Sheila Jackson Lee, long-serving back congresswoman dies at 74
WASHINGTON DC, USA - Longtime U.S. Rep. Sheila Jackson Lee of Texas, who helped lead federal efforts to protect women from domestic violence and recognize Juneteenth as a national holiday, has died. She was 74.
Lillie Conley, her chief of staff, confirmed that Jackson Lee, who had pancreatic cancer, died in Houston Friday night with her family around her.
The Democrat had represented her Houston-based district and the nation’s fourth-largest city since 1995. She had previously had breast cancer and announced the pancreatic cancer diagnosis on June 2.
“The road ahead will not be easy, but I stand in faith that God will strengthen me,” Jackson Lee said in a statement then.
Jackson Lee was “a towering figure in our politics,” President Joe Biden said in a statement Saturday. “Always fearless, she spoke truth to power and represented the power of the people of her district in Houston with dignity and grace.”
Vice President Kamala Harris called her a dear friend for many years, as well as a fellow member of the Alpha Kappa Alpha Sorority and the Congressional Black Caucus.
“She was relentless—one of our nation’s fiercest, smartest, and most strategic leaders in the way she thought about how to make progress happen.

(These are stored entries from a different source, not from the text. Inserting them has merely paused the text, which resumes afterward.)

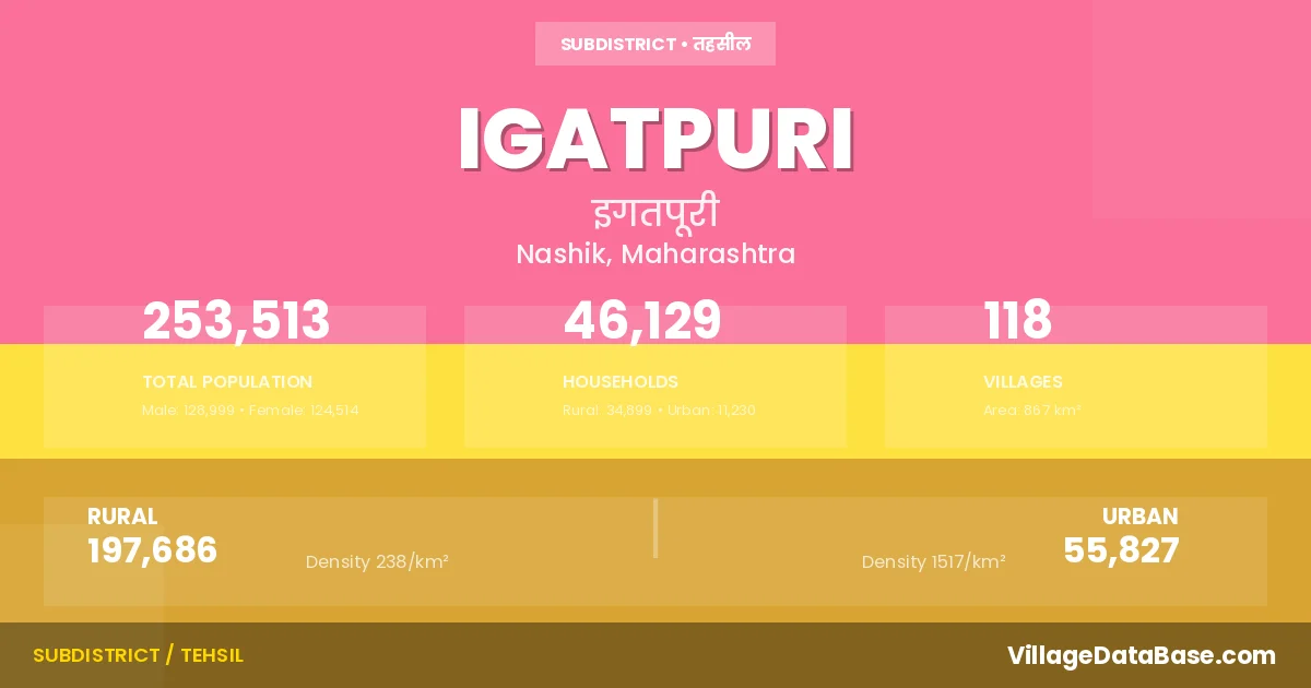 According to the 2011 census The total area of Igatpuri Tehsil is 867 km², with a population of 253513 people. The population density is 292 inhabitants per square kilometre, and there are approximately 46129 houses in the sub district.
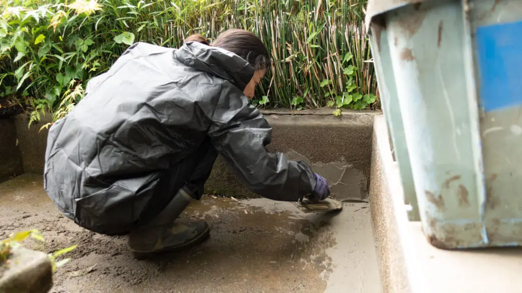 それをこの週末、防水セメントで穴埋めをして補修しました。
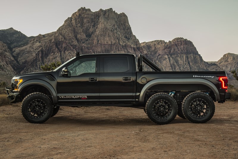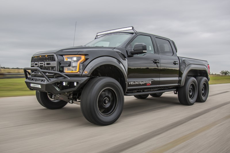- Criado pela montadora Hennessey com base na picape Ford F-150 Raptor, o modelo Velociraptor tem seis rodas e não mede esforços na hora de enfrentar desafios | Foto: Reprodução
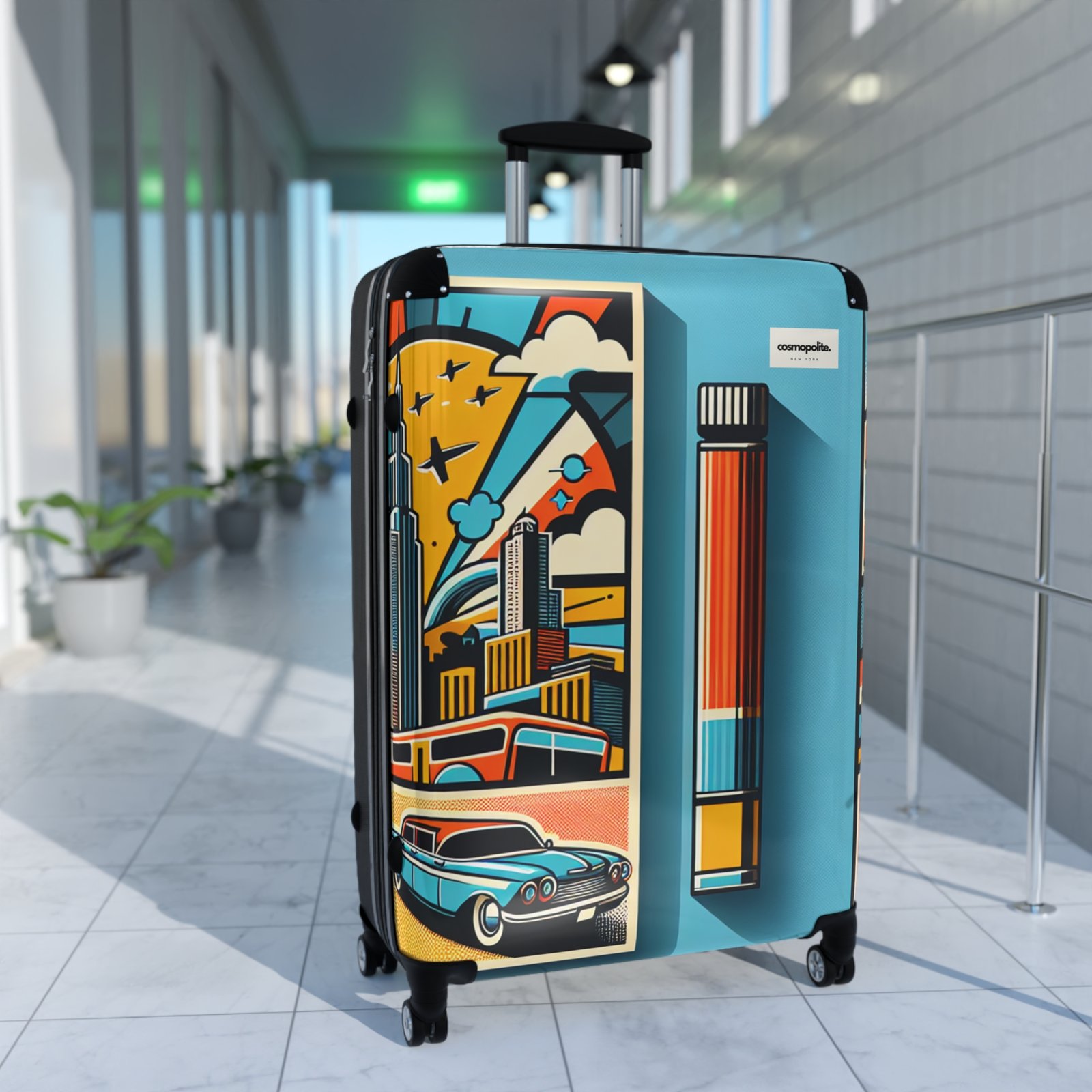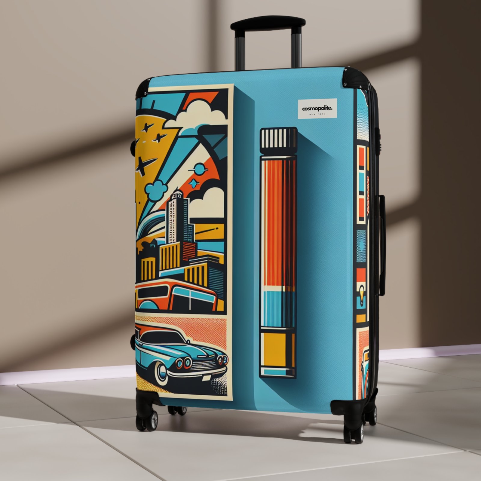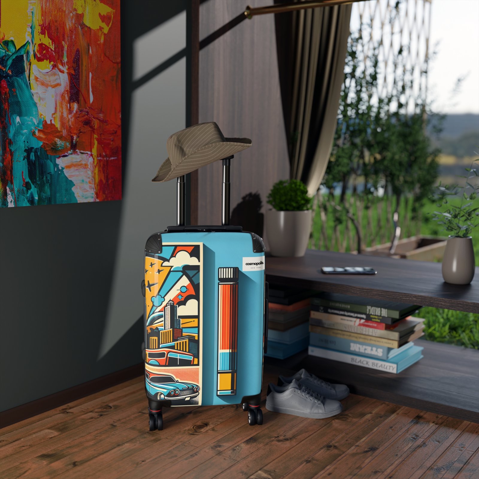Stylish Travel Suitcase with Vibrant Cityscape Design

There was never a trite or trivial conversation with the Congresswoman. She was always fighting for the people of Houston and the people of America,” her statement said.
Bishop James Dixon, a longtime friend in Houston who visited Jackson Lee earlier this week, said he will remember her as a fighter.
“She was just a rare, rare jewel of a person who relentlessly gave everything she had to make sure others had what they needed. That was Sheila,” he said.
Jackson Lee had just been elected to the Houston district once represented by Barbara Jordan, the first Black woman elected to Congress from a Southern state since Reconstruction, when she was immediately placed on the high-profile House Judiciary Committee in 1995.